Electrical Fire: What to Do When It Happens In Your Home

Blog Post created by gabby on Oct 27, 2016

It might be a flickering lamp or an odd odor around the wall outlet. Either one can indicate a hidden danger that easily leads to property destruction and fire damage repair.

The electricity humming through your home is a powerful energy source and, according to the National Fire Protection Association, one of the leading causes of devastating house fires.

We help residents and businesses across Chicago recover from fire damage every day. Our crews find that many people don’t completely understand the unusual nature of electrical fire or what to do when it suddenly breaks out.

Are you ready to handle this type of emergency?
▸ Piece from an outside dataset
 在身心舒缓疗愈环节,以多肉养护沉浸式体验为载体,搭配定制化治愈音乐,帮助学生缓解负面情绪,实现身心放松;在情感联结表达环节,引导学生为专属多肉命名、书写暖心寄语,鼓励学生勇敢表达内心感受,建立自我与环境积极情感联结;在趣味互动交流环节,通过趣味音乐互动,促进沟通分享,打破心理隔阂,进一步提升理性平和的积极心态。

Voltage Instead of Flames and Embers

Most homeowners think of fire hazards as unattended stove tops or stray fireplace embers.
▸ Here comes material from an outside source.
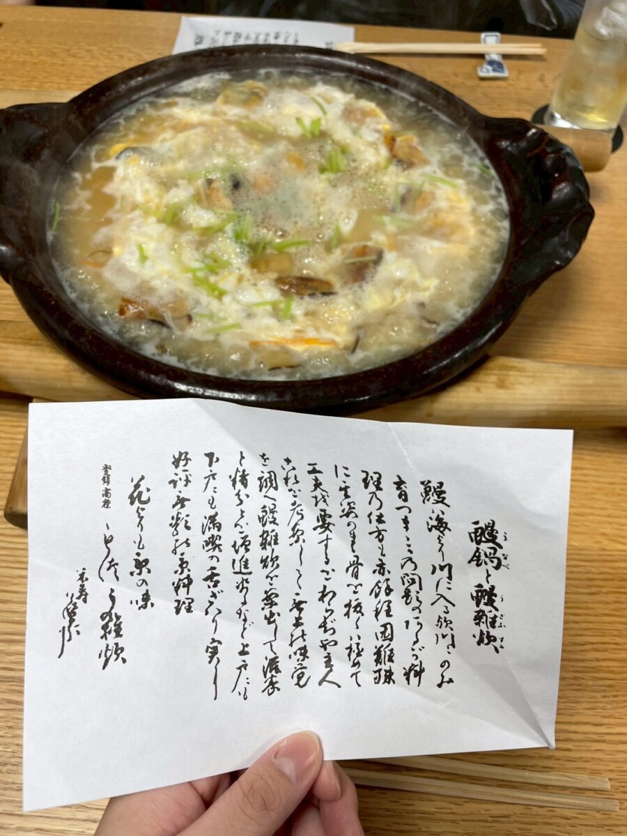 お食事もうなぎを雑炊で食べるのも初めてで、うなぎの白焼きを食べるのも初めて美味しかったです!

You probably don’t worry about the voltage running through your home’s electrical system, but the statistics are disturbing. More than 50,000 homes are affected and almost 500 deaths are caused by electrical house fires every year.

Even when the damage is confined to just one or two rooms, this type of fire spreads very quickly. As electricity arcs through wiring in walls and ceilings, it fries lines, ricochets off equipment and ruins appliances plugged into your home’s electrical system.

The Most Common Sources of Electrical Fires in Homes:

electrical fire kitchen after

Wiring and related equipment are responsible for more than 60 percent of electrical home fires. Lighting fixtures, lamps and bulbs account for another 20 percent while plugs and cords are to blame for approximately 11 percent.

A 2013 report from the National Fire Prevention Association breaks down the different types of equipment involved in electrical house fires including space heaters, HVAC systems, water heaters and electric ranges.

Whether an electrical fire starts in the kitchen or sparks behind a wall, the causes are usually similar.

1. Equipment Wears Out

All appliances have limited mechanical lives. Once a space heater or electric range outlives its manufacturer’s recommended years of usage, it can become a fire hazard.